## Try it
Repeat every entry exactly. Pictures stay out.

## Data for processing
◆ ◆ ◆ ◆ ◆
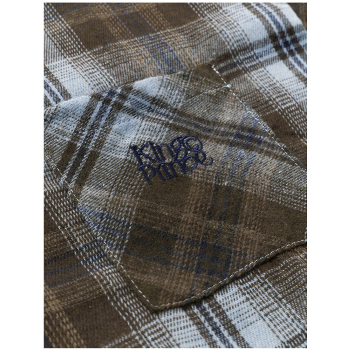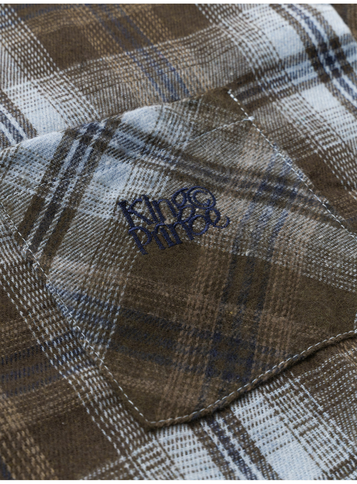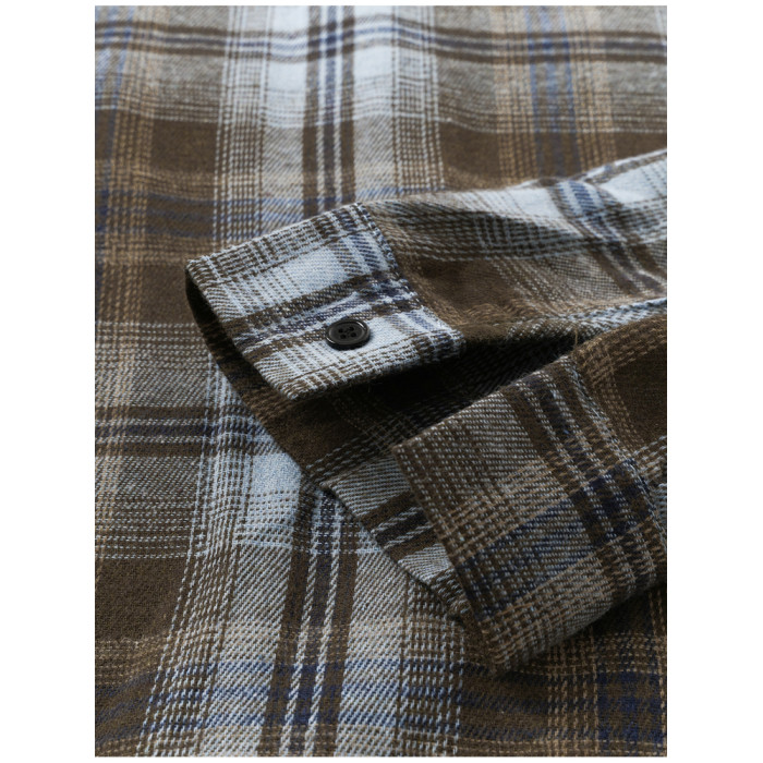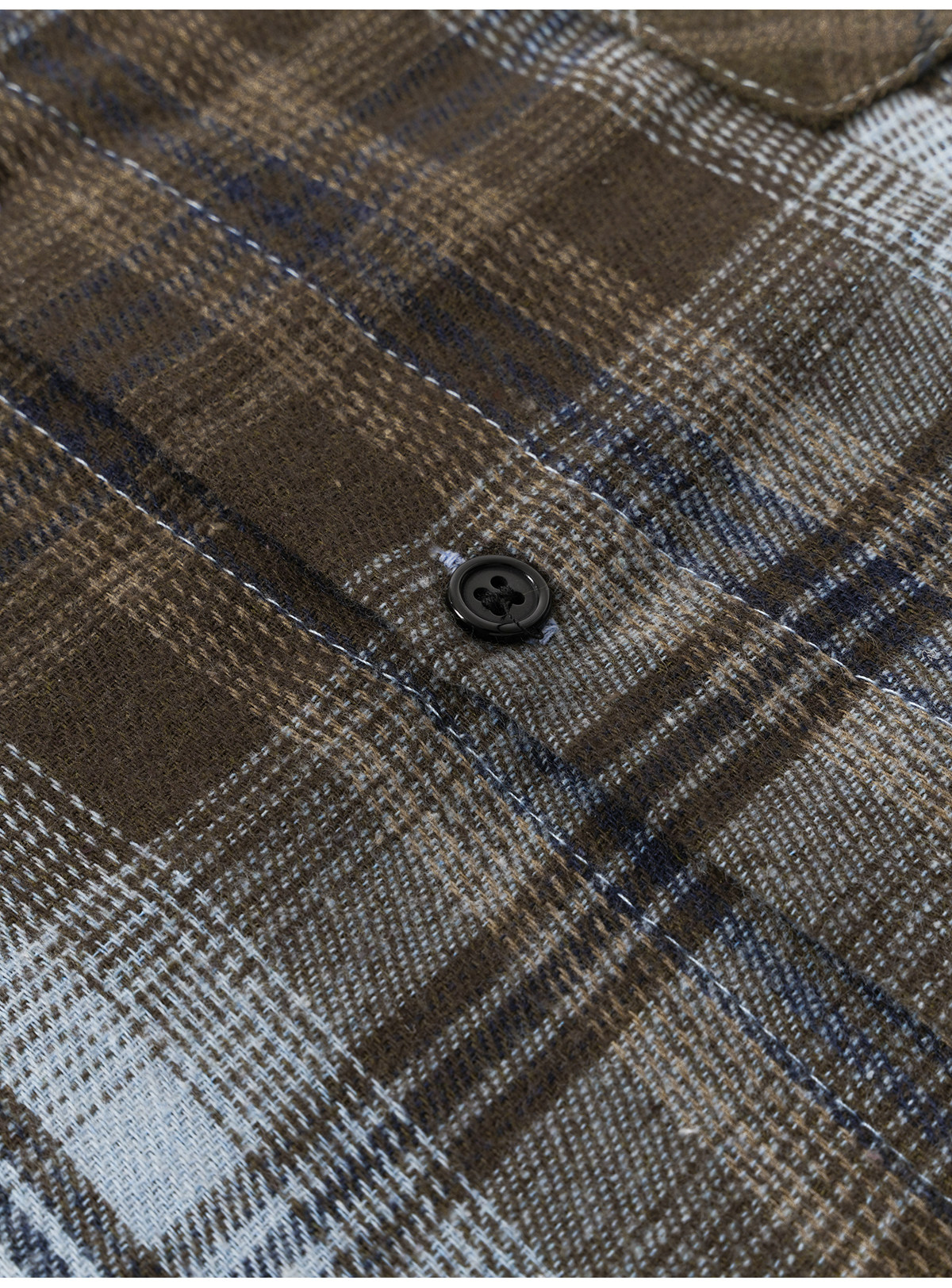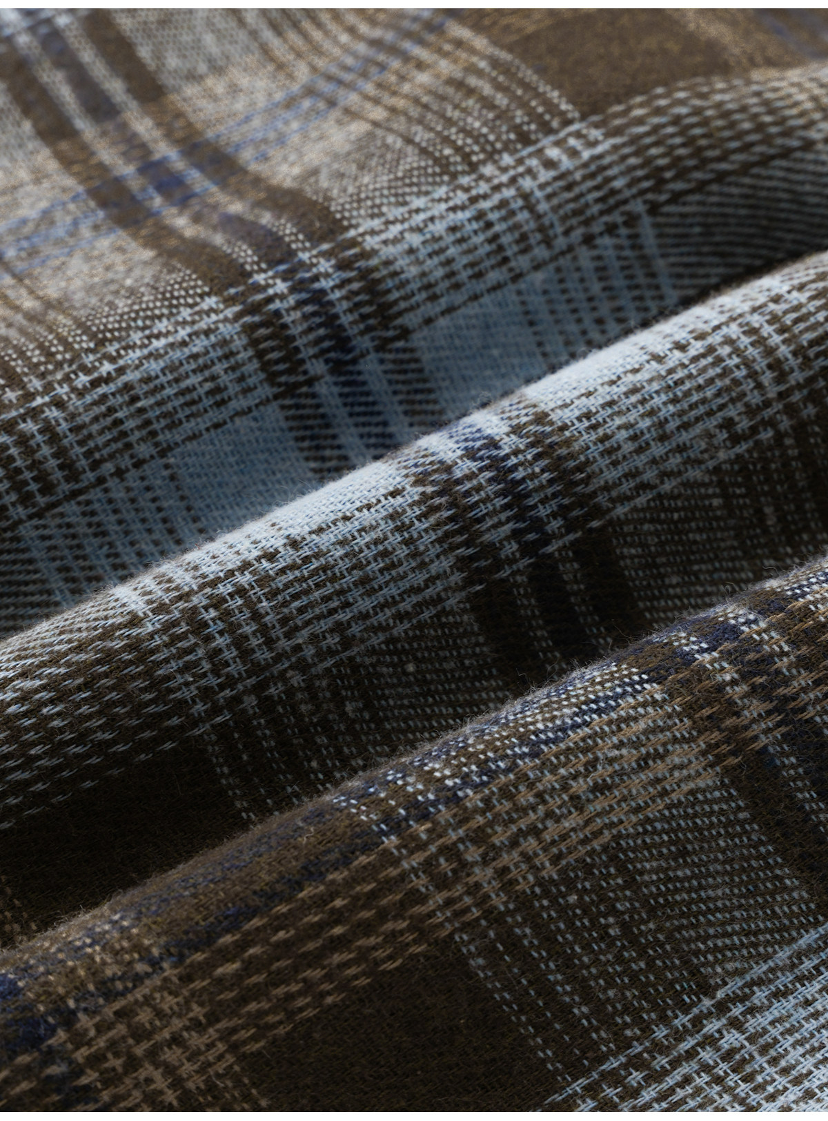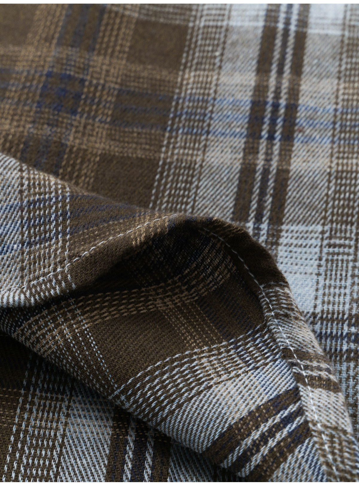 美式復古風雙色磨毛格紋Polo領長袖襯衫女裝秋季寬鬆百搭上衣外套
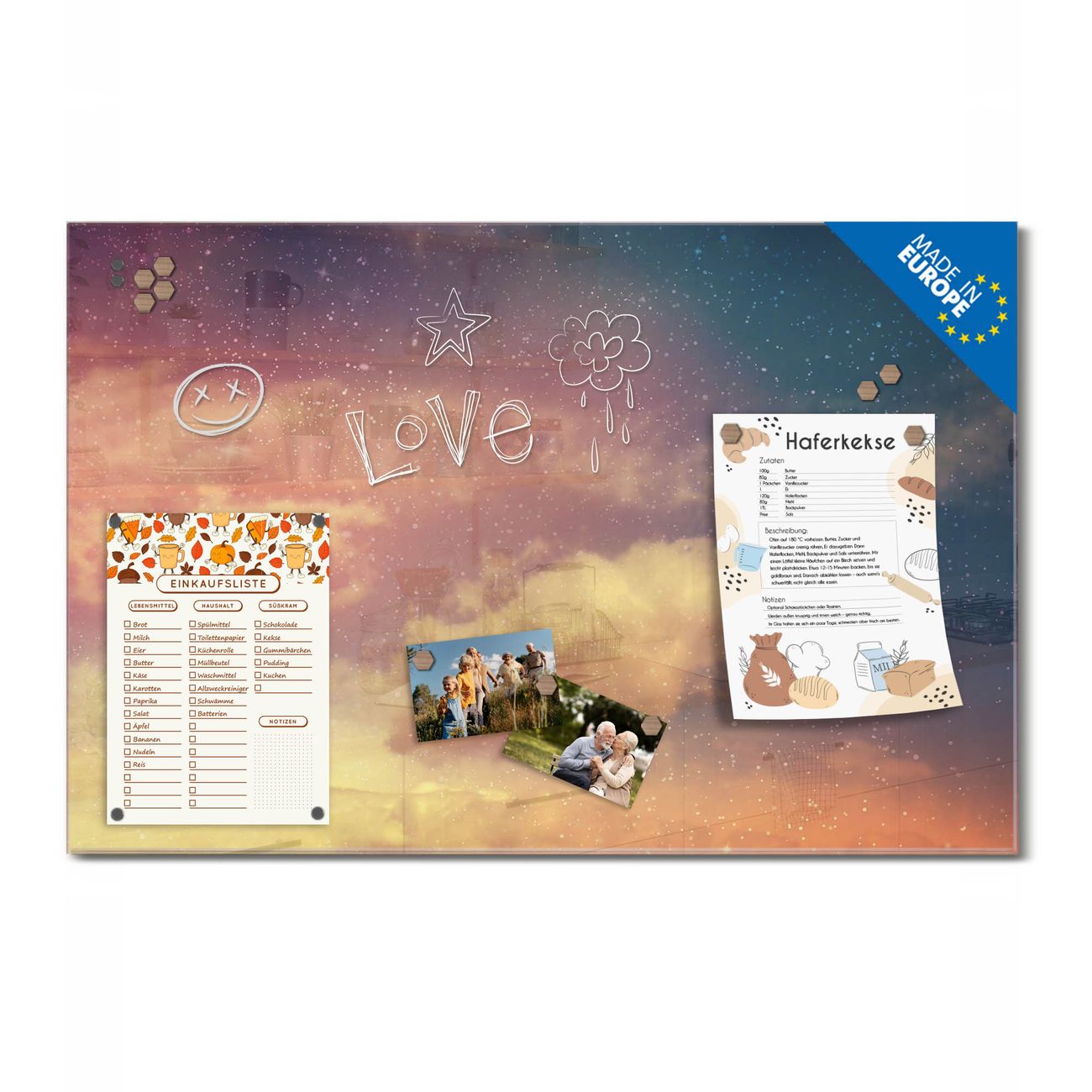 Material: 4mm Sicherheitsglas mit Metallrückwand Eigenschaften: beschreibbar, magnetisch, kratzfest Maße: 75x50x0,6cm, 5,63kg schwer Motiv Nummer 12719 Sternenhimmel Zubehör: inklusive 4 Neodym-Magnete
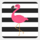 Adesivo Quadrado Flamingo Rosa-Rosa-Stripe Preto e Branco
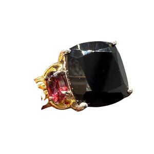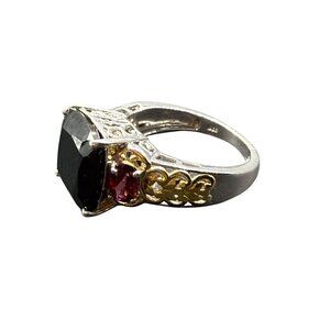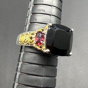 STS 925 Sterling Silver Black Stone Garnet Filigree Cocktail Ring SZ 9 Gold Tone
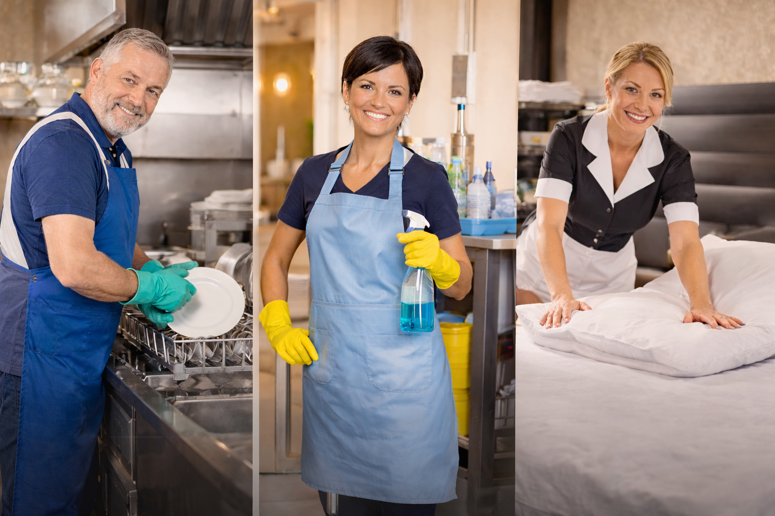 Vår erfarna stödpersonal hjälper till med disk, städ och housekeeping vid event, restauranger och hotell.
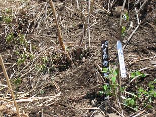 この周辺は、コナラ、ミズナラを中心に植樹しました 多少大きな苗はこのように支持します
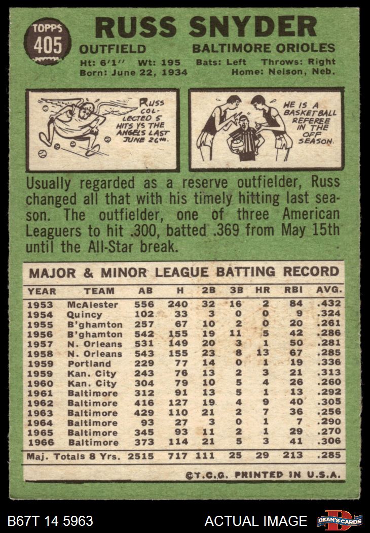 1967 Topps #405 Russ Snyder 4.5 - VG/EX+
◆ ◆ ◆ ◆ ◆
## Result of the exercise
 美式復古風雙色磨毛格紋Polo領長袖襯衫女裝秋季寬鬆百搭上衣外套
 Material: 4mm Sicherheitsglas mit Metallrückwand Eigenschaften: beschreibbar, magnetisch, kratzfest Maße: 75x50x0,6cm, 5,63kg schwer Motiv Nummer 12719 Sternenhimmel Zubehör: inklusive 4 Neodym-Magnete
 Adesivo Quadrado Flamingo Rosa-Rosa-Stripe Preto e Branco
 STS 925 Sterling Silver Black Stone Garnet Filigree Cocktail Ring SZ 9 Gold Tone
 Vår erfarna stödpersonal hjälper till med disk, städ och housekeeping vid event, restauranger och hotell.
 この周辺は、コナラ、ミズナラを中心に植樹しました 多少大きな苗はこのように支持します
 1967 Topps #405 Russ Snyder 4.5 - VG/EX+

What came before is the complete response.